▶ _Problem to work on_
Every line of the material below needs to be copied exactly; omit the pictures.

▶ _Input data_
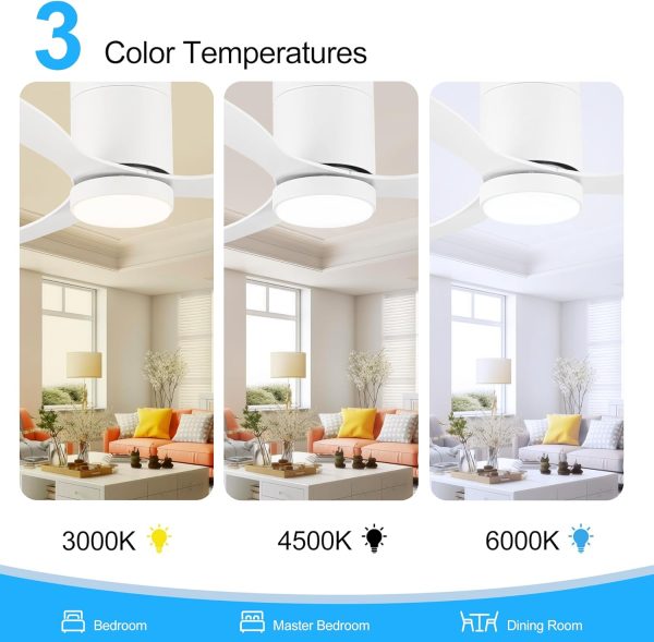 Ceiling Fan with Remote: Operated effortlessly with remote control, this fan offers a range of customizable features, including the choice of 3 light color temperatures, 6 fan speeds, and 3 timers(1/4 hours). It has a button to silence the beep, allowing you to switch it on and off easily. Enjoy a peaceful sleep environment without disturbing you. (Tips: Remote control requires 2 AAA batteries, not included)
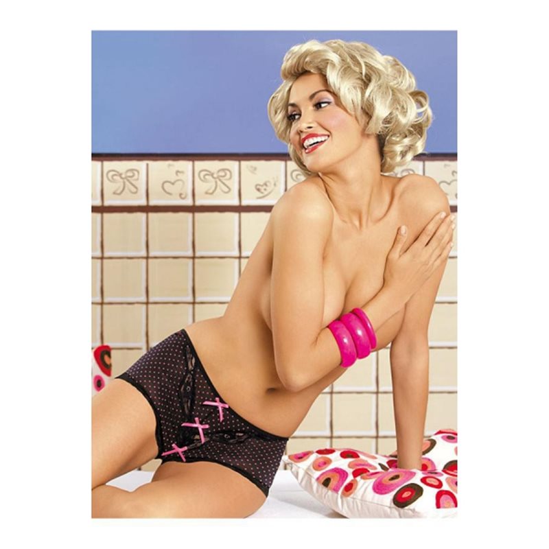 Majteczki Shortie wykonane w całości z lekko prześwitującego materiału o motywie drobnych, różowych kropeczek fantastycznie podkreślają kobiecy kształt. Ukośny układ filigranowych koronek na biodrach podkreśla kobiece proporcje, a szereg satynowych kokardek pośrodku dodaje bieliźnie lekkości
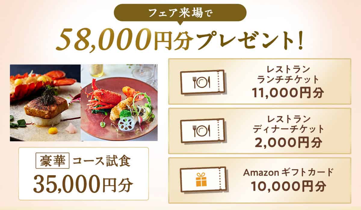 【豪華特典】キャンペーン予約&来場だけで58,000円分の特典がもらえる!
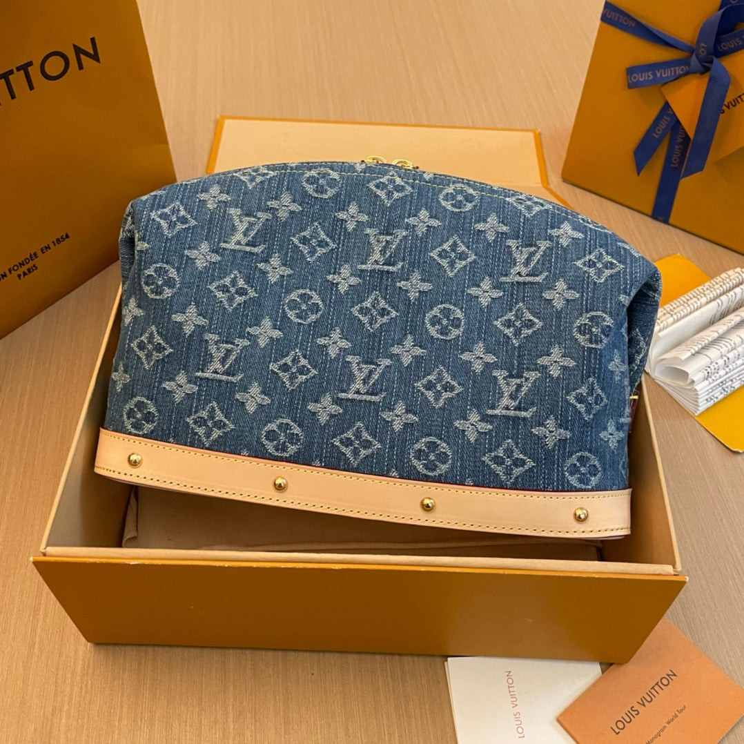 The Monogram Denim look gives the Pochette Cosmétique makeup pouch a cool aura of casual chic. Certified organic cotton canvas the color of stylishly faded blue jeans is enhanced with natural cowhide trim and gleaming gold-tone rivets. And it’s a handy travel companion, with plenty of room for storing makeup and small personal items.
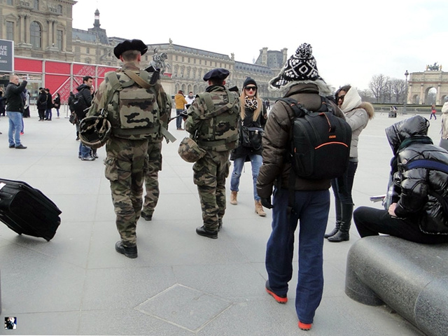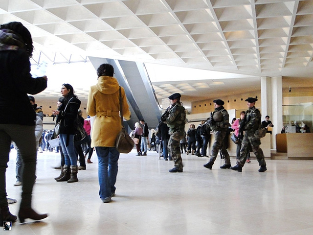 由于我们事先已经换好了门票,所以可以不用排队,而由工作人员安排直接插到最前面进行安检了。(顺便说一下,卢浮宫周二和某些节日闭馆,平时开放时间为9-18点,周三、周五开放至晚上21:45时。这里是有免费的寄存服务和中文导览图。)
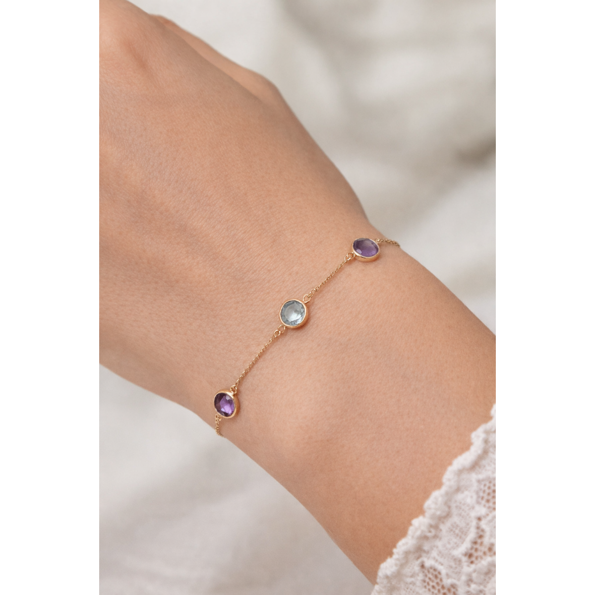 Нежна и елегантна златна гривна, украсена с изящни цветни камъни в различни нюанси. Фината верижка придава лекота и изтънченост, а блестящите камъни създават стилен акцент, който допълва всяка визия. Подходяща както за ежедневието, така и за специални поводи.
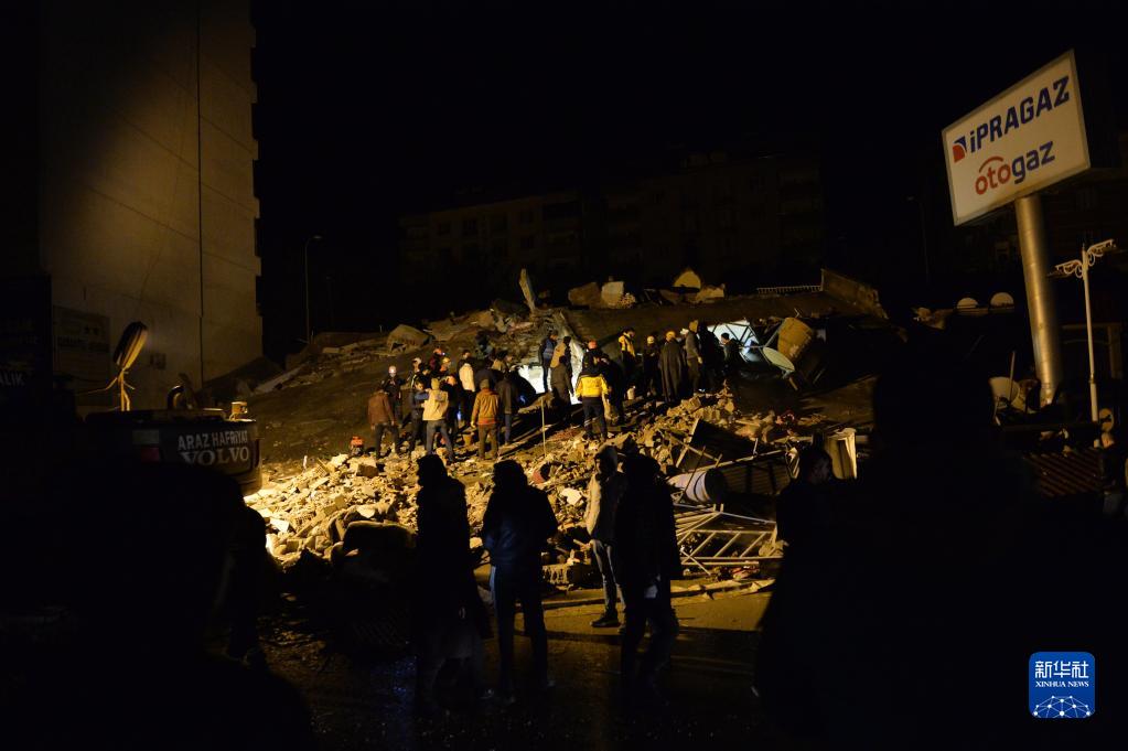 2月6日,救援人員在土耳其南部地震重災區卡赫拉曼馬拉什省帕扎爾哲克倒塌的建筑中搜尋幸存者。
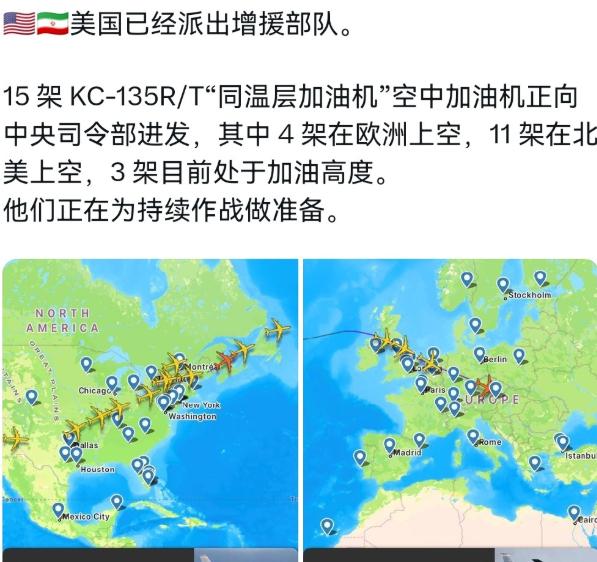 低估了伊朗!美国不得不启动“添油”战术了!3月3日,外媒报道称,美国已经派出新的援军了,15架KC-135R/T空中加油机正向中央司令部移动,4架在欧洲上空,11架在北美上空,3架目前在加油高度。美国正在为持续的行动做准备。很显然,美国的这一军事动作意味着什么呢?   一句话,美国的速战速决的构想破产了,美国最开始为闪电打击伊朗准备的军事部署已经完全不够用了,美国不得不进行增兵。   美国这波增派15架KC-135R/T空中加油机的操作,明眼人一看就知道,所谓的闪电打击伊朗纯属空想,速战速决的算盘彻底打空了。这些加油机可不是来凑数的,4架在欧洲上空待命,11架从北美往中东赶,还有3架已经处在加油高度,每一架都是在给这场打不下去的冲突“续命”。   KC-135这款老加油机可不简单,服役半个多世纪还在挑大梁,最大能装近11.8万升燃油,够给11架F-35或者8架F-22加满油。美国当初规划军事行动时,肯定没算到要这么多加油机兜底。原本以为凭借F-35、F-15的隐身和打击能力,加上B2轰炸机的钻地弹,再配合海上的战斧巡航导弹,几天就能打垮伊朗的抵抗。可现实是,这些先进战机飞出去就面临续航难题,因为伊朗的反击让美军不敢轻易缩短作战半径。   伊朗的实力完全超出了美国的预判。谁能想到这个国家藏着8万架沙赫德-136自杀式无人机,日产能还能达到400架。这些无人机成本才5万美元一架,飞得低还不容易被探测,专门用来消耗美军的拦截弹。美军的萨德、爱国者系统,拦截一枚来袭目标得发射两三枚拦截弹,每枚拦截弹造价动辄上百万美元。这么打下去,美军的拦截弹库存撑不了两周,现在已经有人提议要动用亚太地区的库存了。除了无人机,伊朗还有2500枚弹道导弹,巡航导弹库存也有800枚,月产能200枚,完全能实现持续打击。   更让美国头疼的是伊朗的防空部署。他们把俄制的S300、道尔M1和自研的霍尔达德防空系统分散开来,不再集中保卫首都,而是重点守护导弹发射阵地和存储仓库。这种部署让美军的电子压制效果大打折扣,先进战机也不敢贸然低空突防。美军原本想通过电磁压制踹开防空大门,结果现在自己的战机得时刻保持高空飞行,航程和滞空时间自然大幅增加,加油机的重要性就凸显出来了。   伊朗的反击不仅有规模,还精准打击了美军的软肋。开战没几天,美军在伊拉克、科威特、巴林、卡塔尔和约旦的基地都遭了殃。巴林的第五舰队总部被摧毁了两个卫星终端,科威特的空军基地建筑物屋顶坍塌,甚至有6名美军士兵死于伊朗无人机袭击。更麻烦的是,美国驻沙特、约旦的大使馆接连遇袭,不得不撤离非必要人员,这让美军的前线指挥和后勤保障都受影响。   美国现在陷入了两难,想扩大战事却没底气。国会已经在推动战争权力决议,想限制总统未经授权就升级行动。虽然共和党掌控两院,这项决议大概率通不过,但也能看出美国内部的分歧。没人想再陷入一场长期战争,毕竟伊拉克、利比亚的教训还历历在目。伊朗有近9000万人口,国家制度成熟,伊斯兰革命卫队深度参与国家运转,靠轰炸根本实现不了政权更迭,反而会点燃民族主义情绪,让伊朗上下更团结。   更关键的是,美国的战略重心本想向印太转移,现在却被中东绊住了脚。抽调加油机、航母战斗群到海湾地区,导致亚太方向的军事存在出现真空。这种拆东墙补西墙的操作,让美国的全球战略顾此失彼。而且霍尔木兹海峡的航运安全受影响,全球20%的石油贸易要经过这里,冲突升级只会让油价飙升,反噬美国自身的经济。   这些加油机的到来,不是战争要升级的信号,而是美国被迫“添油”的无奈之举。原本想速战速决,结果变成了消耗战。伊朗用低成本的无人机和导弹,对抗美国的高精尖武器,硬生生把战争拖到了美国不擅长的节奏。美国现在既不能轻易撤军,那样会丢了颜面,又不能大规模增兵,怕陷入更深的泥潭。只能靠加油机维持战机的持续部署,一点点加码。可伊朗的弹药库存还很充足,地下工事里的无人机和导弹还能持续供应,这场“添油”战术,恐怕会让美国越陷越深,想拔腿都难。

▶ _Final answer_
 Ceiling Fan with Remote: Operated effortlessly with remote control, this fan offers a range of customizable features, including the choice of 3 light color temperatures, 6 fan speeds, and 3 timers(1/4 hours). It has a button to silence the beep, allowing you to switch it on and off easily. Enjoy a peaceful sleep environment without disturbing you. (Tips: Remote control requires 2 AAA batteries, not included)
 Majteczki Shortie wykonane w całości z lekko prześwitującego materiału o motywie drobnych, różowych kropeczek fantastycznie podkreślają kobiecy kształt. Ukośny układ filigranowych koronek na biodrach podkreśla kobiece proporcje, a szereg satynowych kokardek pośrodku dodaje bieliźnie lekkości
 【豪華特典】キャンペーン予約&来場だけで58,000円分の特典がもらえる!
 The Monogram Denim look gives the Pochette Cosmétique makeup pouch a cool aura of casual chic. Certified organic cotton canvas the color of stylishly faded blue jeans is enhanced with natural cowhide trim and gleaming gold-tone rivets. And it’s a handy travel companion, with plenty of room for storing makeup and small personal items.
 由于我们事先已经换好了门票,所以可以不用排队,而由工作人员安排直接插到最前面进行安检了。(顺便说一下,卢浮宫周二和某些节日闭馆,平时开放时间为9-18点,周三、周五开放至晚上21:45时。这里是有免费的寄存服务和中文导览图。)
 Нежна и елегантна златна гривна, украсена с изящни цветни камъни в различни нюанси. Фината верижка придава лекота и изтънченост, а блестящите камъни създават стилен акцент, който допълва всяка визия. Подходяща както за ежедневието, така и за специални поводи.
 2月6日,救援人員在土耳其南部地震重災區卡赫拉曼馬拉什省帕扎爾哲克倒塌的建筑中搜尋幸存者。
 低估了伊朗!美国不得不启动“添油”战术了!3月3日,外媒报道称,美国已经派出新的援军了,15架KC-135R/T空中加油机正向中央司令部移动,4架在欧洲上空,11架在北美上空,3架目前在加油高度。美国正在为持续的行动做准备。很显然,美国的这一军事动作意味着什么呢?   一句话,美国的速战速决的构想破产了,美国最开始为闪电打击伊朗准备的军事部署已经完全不够用了,美国不得不进行增兵。   美国这波增派15架KC-135R/T空中加油机的操作,明眼人一看就知道,所谓的闪电打击伊朗纯属空想,速战速决的算盘彻底打空了。这些加油机可不是来凑数的,4架在欧洲上空待命,11架从北美往中东赶,还有3架已经处在加油高度,每一架都是在给这场打不下去的冲突“续命”。   KC-135这款老加油机可不简单,服役半个多世纪还在挑大梁,最大能装近11.8万升燃油,够给11架F-35或者8架F-22加满油。美国当初规划军事行动时,肯定没算到要这么多加油机兜底。原本以为凭借F-35、F-15的隐身和打击能力,加上B2轰炸机的钻地弹,再配合海上的战斧巡航导弹,几天就能打垮伊朗的抵抗。可现实是,这些先进战机飞出去就面临续航难题,因为伊朗的反击让美军不敢轻易缩短作战半径。   伊朗的实力完全超出了美国的预判。谁能想到这个国家藏着8万架沙赫德-136自杀式无人机,日产能还能达到400架。这些无人机成本才5万美元一架,飞得低还不容易被探测,专门用来消耗美军的拦截弹。美军的萨德、爱国者系统,拦截一枚来袭目标得发射两三枚拦截弹,每枚拦截弹造价动辄上百万美元。这么打下去,美军的拦截弹库存撑不了两周,现在已经有人提议要动用亚太地区的库存了。除了无人机,伊朗还有2500枚弹道导弹,巡航导弹库存也有800枚,月产能200枚,完全能实现持续打击。   更让美国头疼的是伊朗的防空部署。他们把俄制的S300、道尔M1和自研的霍尔达德防空系统分散开来,不再集中保卫首都,而是重点守护导弹发射阵地和存储仓库。这种部署让美军的电子压制效果大打折扣,先进战机也不敢贸然低空突防。美军原本想通过电磁压制踹开防空大门,结果现在自己的战机得时刻保持高空飞行,航程和滞空时间自然大幅增加,加油机的重要性就凸显出来了。   伊朗的反击不仅有规模,还精准打击了美军的软肋。开战没几天,美军在伊拉克、科威特、巴林、卡塔尔和约旦的基地都遭了殃。巴林的第五舰队总部被摧毁了两个卫星终端,科威特的空军基地建筑物屋顶坍塌,甚至有6名美军士兵死于伊朗无人机袭击。更麻烦的是,美国驻沙特、约旦的大使馆接连遇袭,不得不撤离非必要人员,这让美军的前线指挥和后勤保障都受影响。   美国现在陷入了两难,想扩大战事却没底气。国会已经在推动战争权力决议,想限制总统未经授权就升级行动。虽然共和党掌控两院,这项决议大概率通不过,但也能看出美国内部的分歧。没人想再陷入一场长期战争,毕竟伊拉克、利比亚的教训还历历在目。伊朗有近9000万人口,国家制度成熟,伊斯兰革命卫队深度参与国家运转,靠轰炸根本实现不了政权更迭,反而会点燃民族主义情绪,让伊朗上下更团结。   更关键的是,美国的战略重心本想向印太转移,现在却被中东绊住了脚。抽调加油机、航母战斗群到海湾地区,导致亚太方向的军事存在出现真空。这种拆东墙补西墙的操作,让美国的全球战略顾此失彼。而且霍尔木兹海峡的航运安全受影响,全球20%的石油贸易要经过这里,冲突升级只会让油价飙升,反噬美国自身的经济。   这些加油机的到来,不是战争要升级的信号,而是美国被迫“添油”的无奈之举。原本想速战速决,结果变成了消耗战。伊朗用低成本的无人机和导弹,对抗美国的高精尖武器,硬生生把战争拖到了美国不擅长的节奏。美国现在既不能轻易撤军,那样会丢了颜面,又不能大规模增兵,怕陷入更深的泥潭。只能靠加油机维持战机的持续部署,一点点加码。可伊朗的弹药库存还很充足,地下工事里的无人机和导弹还能持续供应,这场“添油”战术,恐怕会让美国越陷越深,想拔腿都难。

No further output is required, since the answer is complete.